Technical Background
Understanding the technical background of the Calais Pipes Service is important, so that you may make full use of its features and understand its limitations.
Service Operation
The Calais Pipes Service is invoked from within a Yahoo! Pipes. When called it receives a list of RSS feed items, typically news stories. For each item there's a link to the full story, a title and a description. The title and description are usually displayed in the news reader for the user to examine. The link is followed when the user clicks on the item in the news reader.

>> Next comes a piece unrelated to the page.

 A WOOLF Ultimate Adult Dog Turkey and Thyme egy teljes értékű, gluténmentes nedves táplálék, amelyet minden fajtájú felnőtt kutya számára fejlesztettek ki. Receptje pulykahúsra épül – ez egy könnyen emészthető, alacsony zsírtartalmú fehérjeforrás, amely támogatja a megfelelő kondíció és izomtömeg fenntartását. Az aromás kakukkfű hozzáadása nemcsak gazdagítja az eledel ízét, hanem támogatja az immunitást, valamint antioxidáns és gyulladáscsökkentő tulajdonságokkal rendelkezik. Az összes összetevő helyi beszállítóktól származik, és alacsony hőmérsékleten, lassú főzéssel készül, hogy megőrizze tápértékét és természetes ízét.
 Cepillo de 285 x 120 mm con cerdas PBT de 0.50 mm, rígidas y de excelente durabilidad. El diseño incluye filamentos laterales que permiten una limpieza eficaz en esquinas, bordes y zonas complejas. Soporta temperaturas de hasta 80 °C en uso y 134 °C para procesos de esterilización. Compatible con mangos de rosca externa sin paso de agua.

When Calais Pipes Service receives the list of items it does the following for each item:
- Retrieve the original page by following the provided item's link
- Call the OpenCalais Web service with the page contents and retrieve semantic data
- Append
a short list of entities and events identified by OpenCalais - the chosen items are those that appeared most frequently in the text - Optionally replace the item's link with a link to the Semantic Proxy for a visual presentation of the semantic data
The result is then sent back to the calling Yahoo! Pipes.
Benefits
The resulting information is based not only on the information sent from the pipe. It is based on the full text of the story represented by the item. This means that the new item description, after the service processed the data, can include information that was not available before.
The pipe creator can then make use of the full range of the Yahoo! Pipes editor's features on the new data. For example, suppose you want to give special attention to items referencing Washington State. The word Washington may not have appeared at all in the item's title or in the short description. It may have appeared in the description referring to the city - Washington, DC - or as a person's last name.

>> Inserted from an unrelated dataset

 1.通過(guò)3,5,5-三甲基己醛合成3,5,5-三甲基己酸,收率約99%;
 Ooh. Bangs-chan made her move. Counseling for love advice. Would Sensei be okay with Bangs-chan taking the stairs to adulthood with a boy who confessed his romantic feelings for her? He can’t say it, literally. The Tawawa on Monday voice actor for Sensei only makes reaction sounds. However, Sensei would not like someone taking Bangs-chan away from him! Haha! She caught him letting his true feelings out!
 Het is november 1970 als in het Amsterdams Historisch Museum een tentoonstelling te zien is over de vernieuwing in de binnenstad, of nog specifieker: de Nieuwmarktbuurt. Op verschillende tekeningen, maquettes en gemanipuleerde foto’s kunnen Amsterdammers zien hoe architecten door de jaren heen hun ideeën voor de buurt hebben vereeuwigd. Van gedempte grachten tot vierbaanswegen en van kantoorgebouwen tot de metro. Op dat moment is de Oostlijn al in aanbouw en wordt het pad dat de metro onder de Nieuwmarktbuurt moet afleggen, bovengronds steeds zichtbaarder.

If you place a filter (a module available in the Yahoo! Pipes editor) before the call to Calais you may miss items you intended your filter to get. Or you may find that your filter handles irrelevant items. If you place the filter after the Calais call, you can make the filter more accurate and your Yahoo! Pipes more relevant.
Limitations
The benefits come at a price. The process of fetching the original story text from the Web and then sending it over to Calais for processing consumes time and bandwidth.
As a result, the retrieval of an RSS feed that contains many items may take as long as 60 seconds, sometimes more.
Keep this in mind when you design your pipe. It might make more sense to call Calais on fewer items than the entire feed.